Wulan yang masih berjongkok di atas tanah, perlahan menaikkan pandangannya. Dari sendal selop pink, ke daster warna senada dengan si sandal, kemudian akhirnya sampai di wajah bu Selly.
Wanita berumur sekitar empat puluhan itu berkacak pinggang, dengan mimik wajah begitu terlihat tak ramah di mata Wulan. Sudah tentu akan begitu. Orang mana yang tak akan kesal, jika yang ditagih kewajibannya malah berniat ingin kabur.
"Bangun, Wulan," imbuh bu Selly lagi, menyuruh Wulan agar berdiri.
Meringis kuda, gadis itu pun menuruti apa yang bu Selly katakan.
"Heee, iya, Bu," cicit Wulan sudah dalam mode pasrah, setelah kepergok langsung oleh bu Selly hendak melarikan diri dari wanita berdaster itu.
Bu Selly menggeleng pelan atas kelakuan Wulan. Ini bukan kali pertama Wulan melakukan hal seperti itu. Setiap telat bayar uang kos, Wulan memang tiba-tiba jadi seperti ninja. Main lompat-lompatan, panjat pagar, kabur-kaburan, hanya demi menghindari omelan bu Selly.
"Mau kabur lagi, kamu?" desak bu Selly, sudah dengan dua lengan yang ia lipat ke depan dada. Mata belo itu sudah menyipit sinis menatap Wulan.
"Maaf, Bu. Tapi saya bener-bener lagi enggak ada uang hari ini. Saya juga baru keluar dari pekerjaan. Boleh, ya, kalau tunggakan bulan kemarin jangan ditagih dulu," pinta Wulan pasang ekspresi memelas.
Tapi itu benar-benar hal yang tidak akan bisa membujuk bu Selly.
"Enggak ada, Wulan. Pokoknya kalau sampai malam nanti kamu belum melunasi tunggakan kamu, mendingan kamu pergi aja dari sini. Cari tempat kos lain!" ketus bu Selly terdengar begitu serius dengan ancamannya.
"Hah, tapi, Bu." Wulan coba meminta kesempatan berbicara lagi, tapi ucapannya sudah segera dipotong oleh bu Selly.

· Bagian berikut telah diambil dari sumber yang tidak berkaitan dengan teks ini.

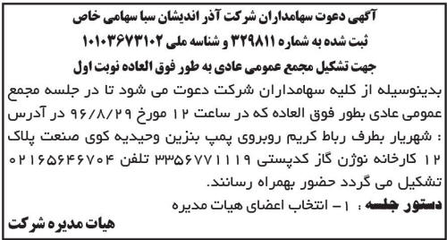 آگهی دعوت سهامداران شرکت آذر اندیشان سبا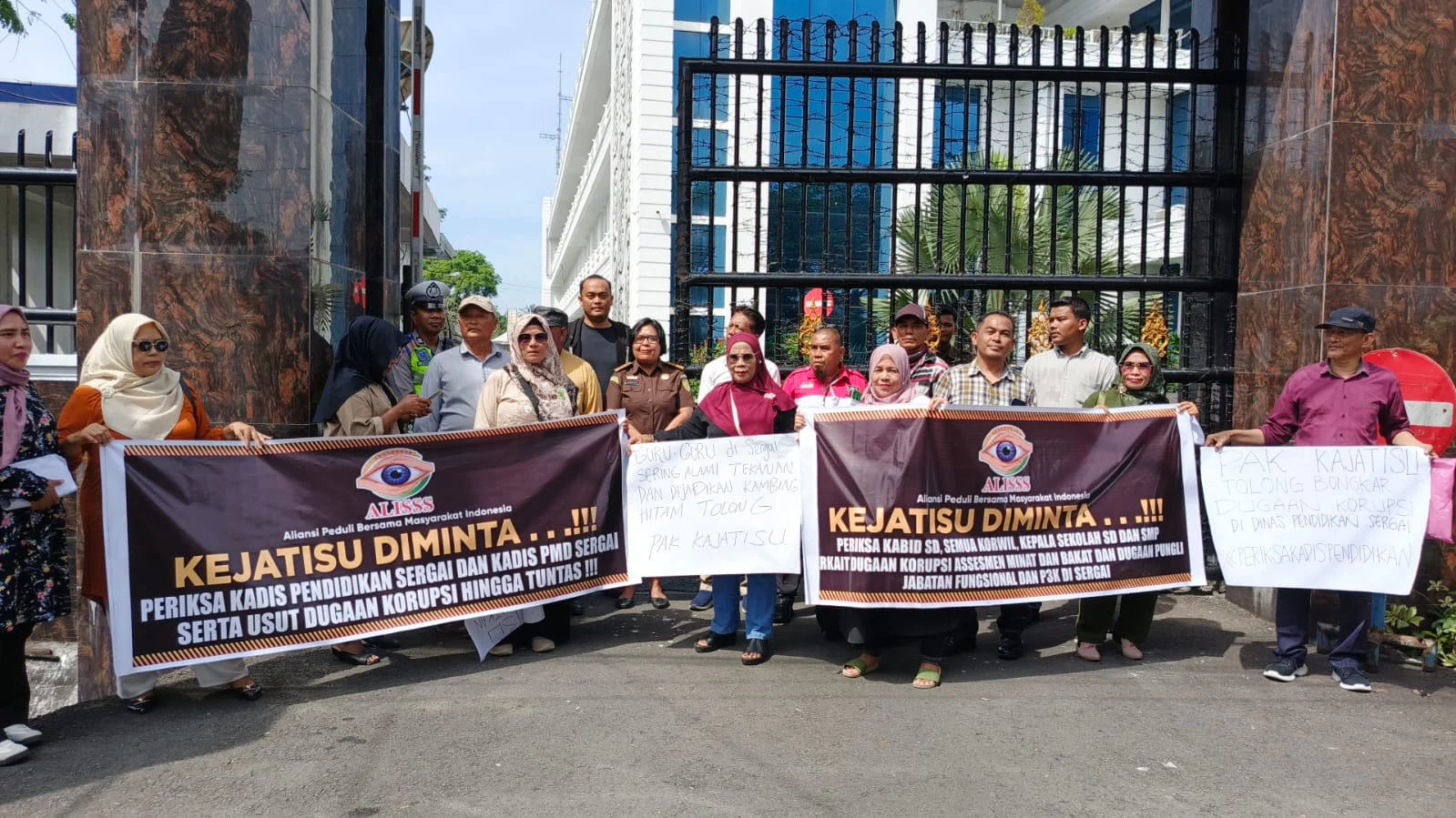 membawa sepanduk dan kertas karton bertuliskan permintaan kepada Kejatisu agar memeriksa dan mengusut dugaan KKN (Korupsi,Kolusi dan Nepotisme), dan Pungli (Pungutan liar) ebagai bentuk kekecewaan mereka terhadap Dinas Pendidikan Sergai dan Dinas PMD Sergai.

"Enggak ada tapi-tapian. Ibu tunggu sampai nanti malam. Kalau kamu enggak bisa bayar, langsung aja kamu kemasi pakaian kamu. Ngerti?" Bu Selly mendelikkan matanya pada Wulan.
Rampung memberikan ultimatum untuk Wulan, bu Selly pun pergi. Meninggalkan Wulan dalam kebingungan yang semakin menjadi. Ke mana Wulan harus mencari uang dalam waktu semalam, agar bisa membayar tunggakan uang kos? Lagipula, kenapa bu Selly jadi sesadis itu hari ini.
Walaupun memang benar bu Selly selalu sadis setiap menagih uang kos dari para penyewa, tapi baru kali ini dia langsung mengancam akan mengusir Wulan jika sampai tidak segera melunasi tunggakannya. Ini keterlaluan.
Sekali lagi rencana Hendar juga berjalan lancar. Ya, termasuk dengan ancaman bu Selly, itu juga ulah Hendar. Setelah berhasil mengumpulkan informasi tentang seperti apa kehidupan seorang Wulandari, Hendar segera melancarkan aksinya menyuap bu Selly untuk menekan Wulan. Dengan begitu, Hendar yakin Wulan tidak punya pilihan lagi selain datang pada Rion.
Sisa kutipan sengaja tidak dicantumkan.